Data to process:
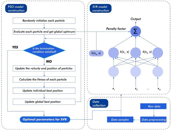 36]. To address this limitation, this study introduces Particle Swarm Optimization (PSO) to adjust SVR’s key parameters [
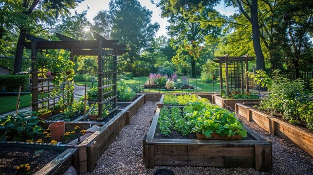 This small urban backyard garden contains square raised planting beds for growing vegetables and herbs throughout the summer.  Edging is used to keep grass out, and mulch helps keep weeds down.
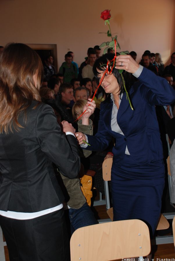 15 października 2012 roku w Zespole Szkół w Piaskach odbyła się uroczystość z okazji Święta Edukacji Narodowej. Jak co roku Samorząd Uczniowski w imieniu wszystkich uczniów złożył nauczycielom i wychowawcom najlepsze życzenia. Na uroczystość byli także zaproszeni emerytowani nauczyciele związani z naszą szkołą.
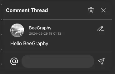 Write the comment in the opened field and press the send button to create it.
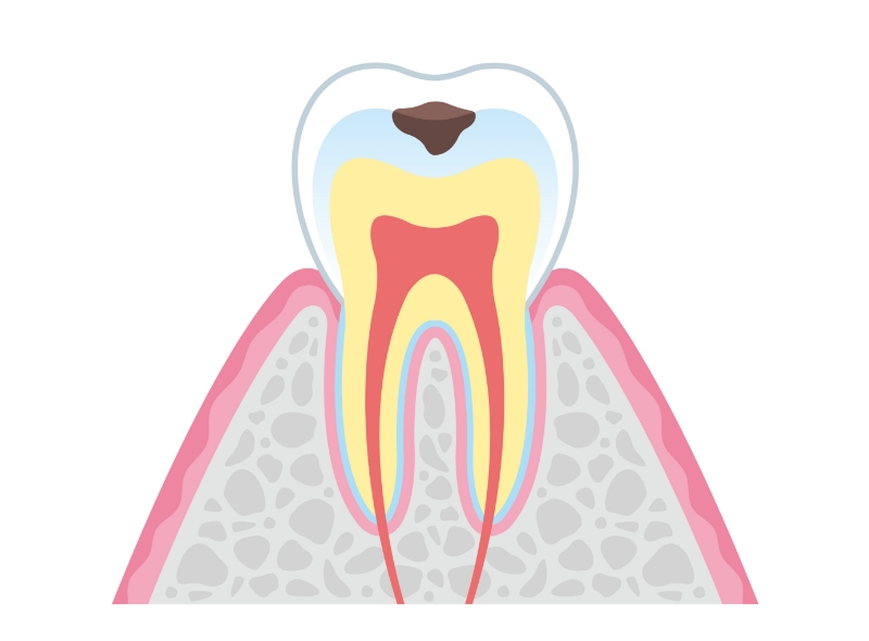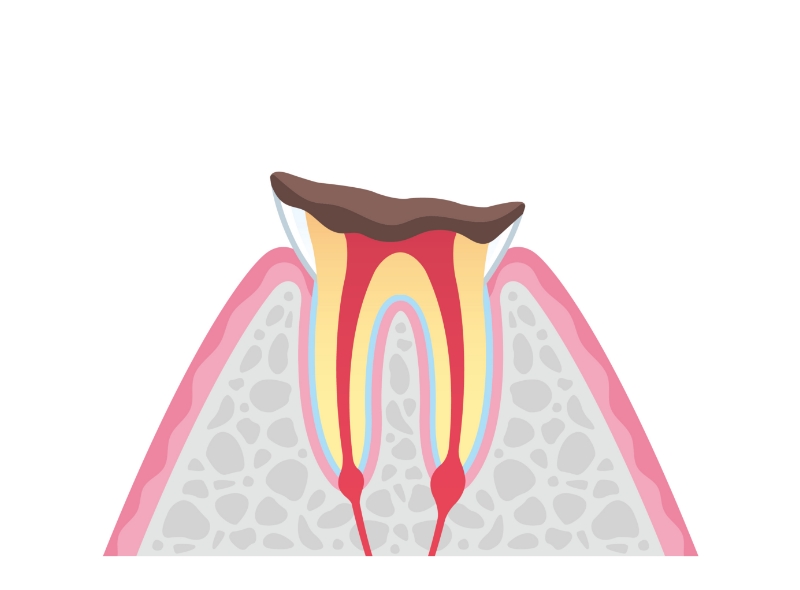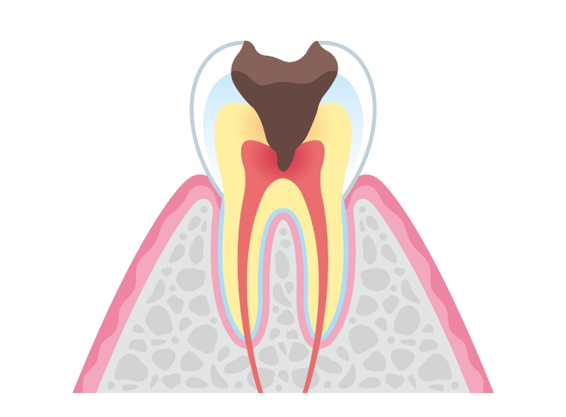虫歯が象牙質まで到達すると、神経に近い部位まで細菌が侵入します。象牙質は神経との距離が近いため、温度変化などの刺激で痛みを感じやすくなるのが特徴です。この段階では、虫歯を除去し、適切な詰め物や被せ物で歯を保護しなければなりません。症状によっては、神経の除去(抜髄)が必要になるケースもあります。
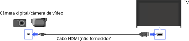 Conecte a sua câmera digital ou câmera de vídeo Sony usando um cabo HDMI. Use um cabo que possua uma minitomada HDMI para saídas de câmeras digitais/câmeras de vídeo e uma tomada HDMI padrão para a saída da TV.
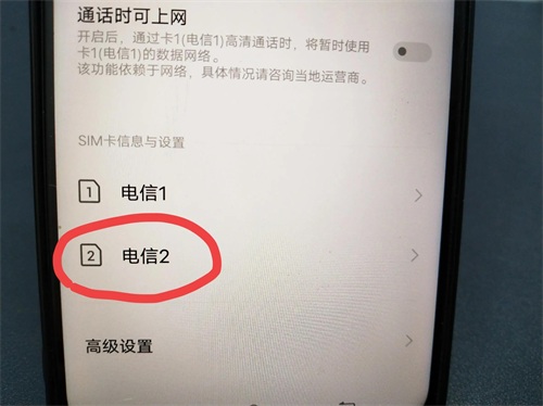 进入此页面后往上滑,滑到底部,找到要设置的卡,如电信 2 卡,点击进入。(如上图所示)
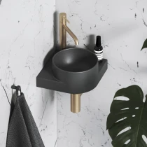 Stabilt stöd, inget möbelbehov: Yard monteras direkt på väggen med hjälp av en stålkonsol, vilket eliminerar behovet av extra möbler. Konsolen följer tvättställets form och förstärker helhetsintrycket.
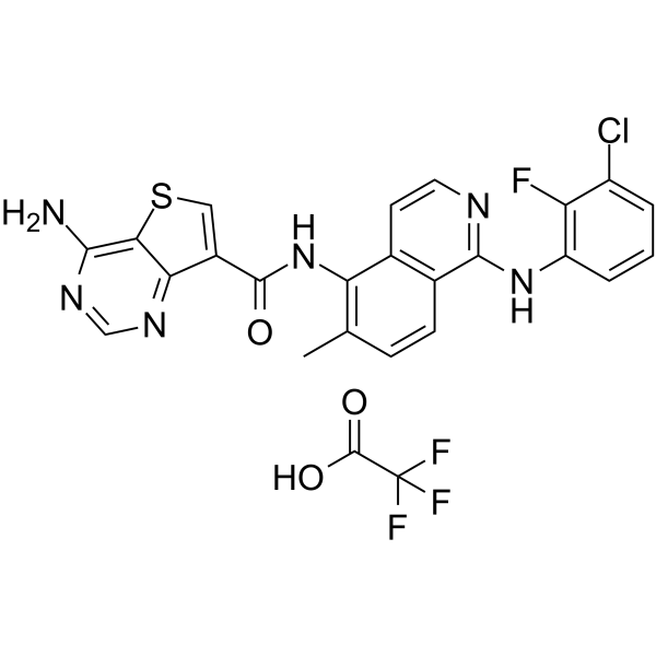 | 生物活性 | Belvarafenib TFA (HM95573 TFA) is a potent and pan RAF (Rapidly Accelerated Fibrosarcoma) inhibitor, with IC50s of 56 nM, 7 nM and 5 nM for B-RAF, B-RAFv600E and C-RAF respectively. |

Task details:
Send back every line of the listing exactly. Omit the images.

Result:
 36]. To address this limitation, this study introduces Particle Swarm Optimization (PSO) to adjust SVR’s key parameters [
 This small urban backyard garden contains square raised planting beds for growing vegetables and herbs throughout the summer.  Edging is used to keep grass out, and mulch helps keep weeds down.
 15 października 2012 roku w Zespole Szkół w Piaskach odbyła się uroczystość z okazji Święta Edukacji Narodowej. Jak co roku Samorząd Uczniowski w imieniu wszystkich uczniów złożył nauczycielom i wychowawcom najlepsze życzenia. Na uroczystość byli także zaproszeni emerytowani nauczyciele związani z naszą szkołą.
 Write the comment in the opened field and press the send button to create it.
虫歯が象牙質まで到達すると、神経に近い部位まで細菌が侵入します。象牙質は神経との距離が近いため、温度変化などの刺激で痛みを感じやすくなるのが特徴です。この段階では、虫歯を除去し、適切な詰め物や被せ物で歯を保護しなければなりません。症状によっては、神経の除去(抜髄)が必要になるケースもあります。
 Conecte a sua câmera digital ou câmera de vídeo Sony usando um cabo HDMI. Use um cabo que possua uma minitomada HDMI para saídas de câmeras digitais/câmeras de vídeo e uma tomada HDMI padrão para a saída da TV.
 进入此页面后往上滑,滑到底部,找到要设置的卡,如电信 2 卡,点击进入。(如上图所示)
 Stabilt stöd, inget möbelbehov: Yard monteras direkt på väggen med hjälp av en stålkonsol, vilket eliminerar behovet av extra möbler. Konsolen följer tvättställets form och förstärker helhetsintrycket.
 | 生物活性 | Belvarafenib TFA (HM95573 TFA) is a potent and pan RAF (Rapidly Accelerated Fibrosarcoma) inhibitor, with IC50s of 56 nM, 7 nM and 5 nM for B-RAF, B-RAFv600E and C-RAF respectively. |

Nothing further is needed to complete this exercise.